Hundreds of barristers submitted comments when completing the surveys that have informed this report, sharing their experiences of what has been working, what’s not and where improvements or changes are needed. Survey responses included:

  • “For the right cases they are invaluable. The criminal Bar continues to shrink and this ensures access.”
  • “The quality and the reliability of the tech often reduces the effectiveness of the hearings. More reliable technology would make for better justice. Some of the wrong hearings are being heard remotely/in-person. More thoughtful listing is required.”
  • “Remote hearings are excellent for routine or simple matters. They are less effective for lengthy, complex cases or cases requiring extensive oral evidence. I hope we never go back to the bad old days of travelling 8 hours for a 10-minute hearing, but I am concerned that justice will not be done if we use remote hearings too often for the longer and more complex matters. It is about proportionality.”
  • “I think that remote hearings have huge benefits but are not always used for the right hearings. By way of example, I am commonly required to travel for two- or three-hour hearings in the county court for matters on the small claims track with no substantial witness evidence. By contrast, I regularly conduct four-day discrimination trials remotely. The practices are inconsistent and often illogical.”

Key statistics

  • There has been a significant and steep decline in the volume of remote hearings between 2021 and 2023, as recorded by HMTCS’s Audio-Visual Situation Report. The aggregate proportion of all hearings being undertaken (entirely) remotely fell from 58% to 44% in 2022 and 25% in 2023.
  • 77% of barristers surveyed said they experienced technical problems with video platform in 2021 but this reduced significantly to 35% in 2023.
  • When barristers were asked how much remote hearings should be used:
    • Half (49%) said they ‘should be used more frequently’.
    • 38% said ‘it is about right at the moment’.
    • 8% said ‘they should be used less frequently’.
    • 1% said they ‘should not be used at all’.
    • 4% said they ‘did not know’.
  • Those in crime and family were more likely to be in favour of remote hearings being used more frequently compared to other areas of practice.
  • Views on remote hearings also differed by location. Four in ten respondents working in London would like to see remote links used more extensively compared to more than half of all other respondents and up to two-thirds of those working in the North West and East of England.
  • There was reasonable consensus where remote should be the default such as with shorter applications, case management meetings, preliminary hearings, administration hearings, and small claims hearings.
  • There was also general agreement that for trials, especially longer ones, and those where contested evidence is involved, in-person hearings should be the norm.

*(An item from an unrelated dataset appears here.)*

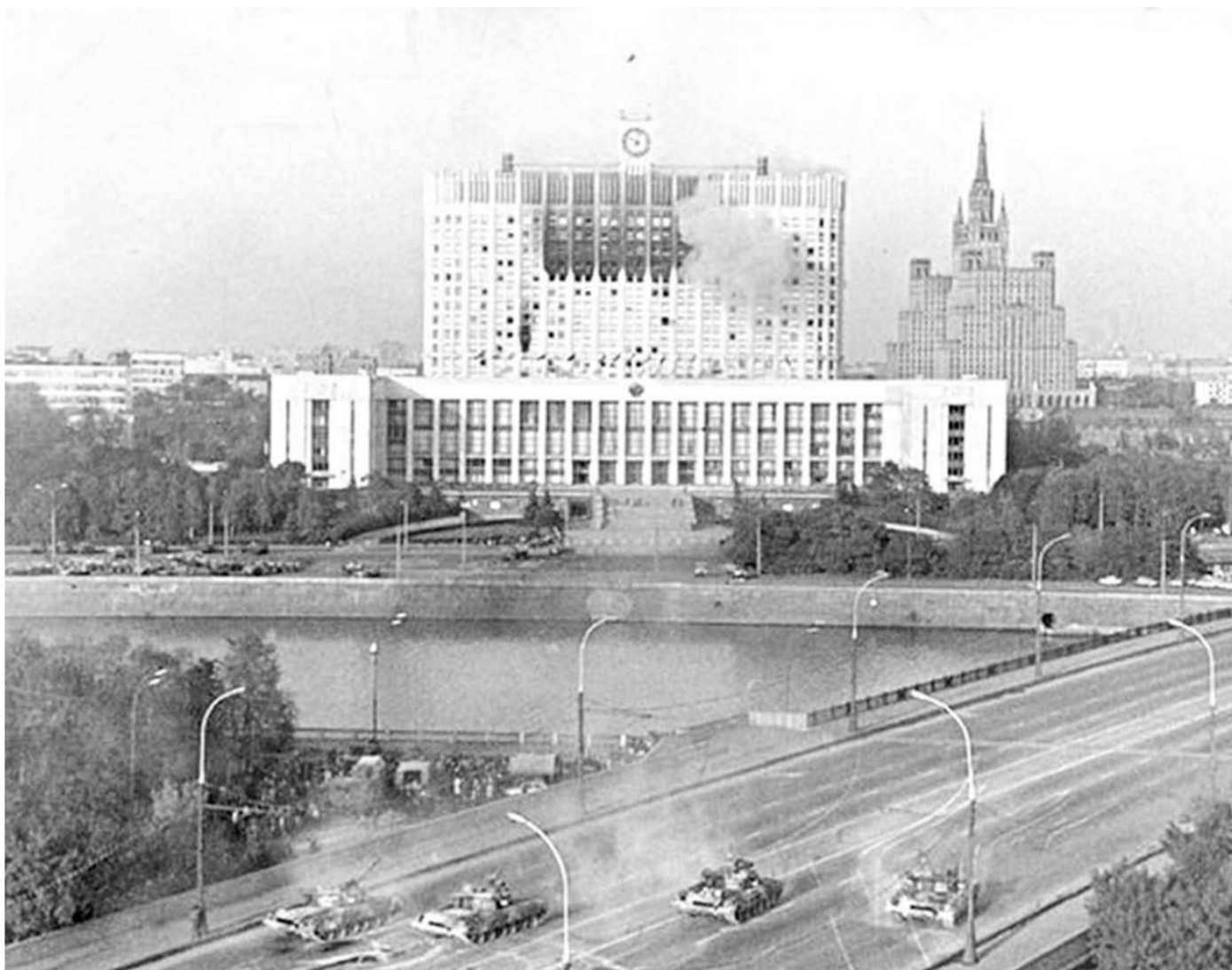
Москва, октябрь 1993 года.

Первый расстрел практически безоружных защитников баррикады произошёл 3 октября в 15.30 возле мэрии. Из окон лужковской котловы открыли автоматный огонь, а потом из гостиницы «Мир» — пулемётный. И тут же с крыши жилого дома в Большом Девятинском переулке стал бить снайпер. Ельцинские журналисты писали, что это был снайпер, посланный генералом Альбертом Макашовым из Белого дома. Враньё! Я сам был свидетелем того, что в запущенных улочках и переулках вокруг здания парламента находилось столько милиции и внутренних войск, что ни один посторонний человек не смог бы проникнуть на крышу. Жителям ближайших домов велено было занавесить окна и не подходить к ним. Кто рисковал выглянуть, мог получить пулю снайпера, которую всегда можно объяснить случайностью. Об этом в те дни писали журналисты «Советской России». Причём огонь вёлся не только с крыш жилых домов, но и с крыши американского посольства. И этот факт никем не опровергается. Наши заклятые друзья делали всё, чтобы разжечь в стране огонь

The Bar Council recommends HMCTS:

  1. Improve data collection and monitoring around remote hearings and commit to regularly publishing data.
  2. Continue to support the judiciary in regular review of protocols for the use of remote hearings, with particular attention to the consistency of application.

The Bar Council recommends the Ministry of Justice:

  1. Commit to evaluating potential justice outcomes and procedural impacts.
  2. Significantly invest in the technology/tech support around remote hearings.
  3. Consider the views of professional court users in future plans around their use.